Sketchnotes in the Classroom
Practical ways high school and college teachers and students can use sketchnotes to make learning stick.
Oct 6, 2025

Why Sketchnotes Belong in Secondary and Higher Education
Lectures, dense texts, and tight schedules strain memory. Sketchnotes mix words, structure, and simple visuals. The brain forms more links, so recall rises. A University of Waterloo study found drawing beat writing for recall. Sketchnotes fit high school and college.
How can teachers and educators use Sketchnotes
Plan the lesson with visuals
- Start with drawing one visual per idea
- Map lesson flow as a sketchnote, key questions, vocabulary, and transitions.
- Sketch some common charts for recurring concepts. Give the unit’s big picture on day one.
- Build discussion prompts as storyboards, support seminars and lab brefings.
Teaching with sketchnotes
- Try a two minute warm up. Annotate a short passage together.
- Sketchnote mini lectures on a document camera or tablet.
- Groups can summarize labs, case studies, or timelines into a note.
Check visual understanding
- Offer sketchnoting for quick writes, or unit summaries. This helps multilingual learners.
- Suggest students to submit digital sketchnotes alongside essays. Give feedback on structure, order/flow, and emphasis.

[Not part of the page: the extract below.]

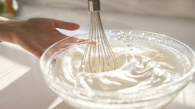 Whipped cream or topping isn't the only garnish your banana pudding deserves. If you want something more flavorful and towering on top of your dessert, try your hand at a meringue. It's important to note here that you'll need to make a cooked meringue, like an Italian meringue, since you won't be baking it in the oven before you eat it. French meringue, which is made by adding sugar to egg whites, will not suffice here because they're not cooked. Italian meringue is highly stable, which means it will keep its shape easily atop your pudding.

How Students Can Make Sketchnotes Work
Prepare before class
- Preview readings. Sketch key terms, questions, and prior knowledge. Lectures will feel more familiar.
- Build page templates with a title area, columns, and connectors. Use a notebook or tablet. Reduce decisions during class.
Capture lectures and discussions
- When taking notes, maintain the order of the lecture so you can make a story for it
- Keep the notes short with just one phrase for each idea.
Add notes
- After the class, add some clarifying notes. Mark gaps. Link related concepts across pages.
- Turn group projects into shared sketchnote boards. Align scope before you build slides or essays.
- Photograph paper sketchnotes into a digital archive. Tag and search by unit or exam.
Student Tip: Practice ten common icons, people, arrows, lightbulb, clock, book, globe, gears, question mark, graph, chat bubble. These cover most classroom scenarios and keep you moving during lectures.
High School vs. College Considerations
- In high school, use weekly sketchnote routines. Monday concept maps, midweek labs, Friday reflections. Build habits.
- In college, start seminars with five minute visual warm ups. End with synthesis overviews that prepare students for research papers.
- For STEM labs, alternate between quick process diagrams and annotated data plots. Show procedure and outcome.
- World History example. Monday concept map on trade routes. Midweek source study. Friday short reflection.
Use AI Support
Sketchnote.app speeds up your workflow when you need ready made visuals.
- Upload lesson outlines or reading summaries. Generate draft sketchnotes to project or share as scaffolds.
- Turn raw lecture notes into polished review sheets for office hours or study groups.
- Give students AI generated layouts as guides. Ask them to iterate by hand to personalize learning.
- Paste a unit outline on acids and bases. Get a draft layout with annotations.
Make your classroom visuals today
Sketchnoting focuses on organizing ideas in an open canvas, not creating an art piece. Model the technique. Ask students to practice with purpose. You will see more participation. Multilingual learners stay engaged. Study sessions get shorter and more effective. Use visual thinking in ninth grade biology and in capstone seminars.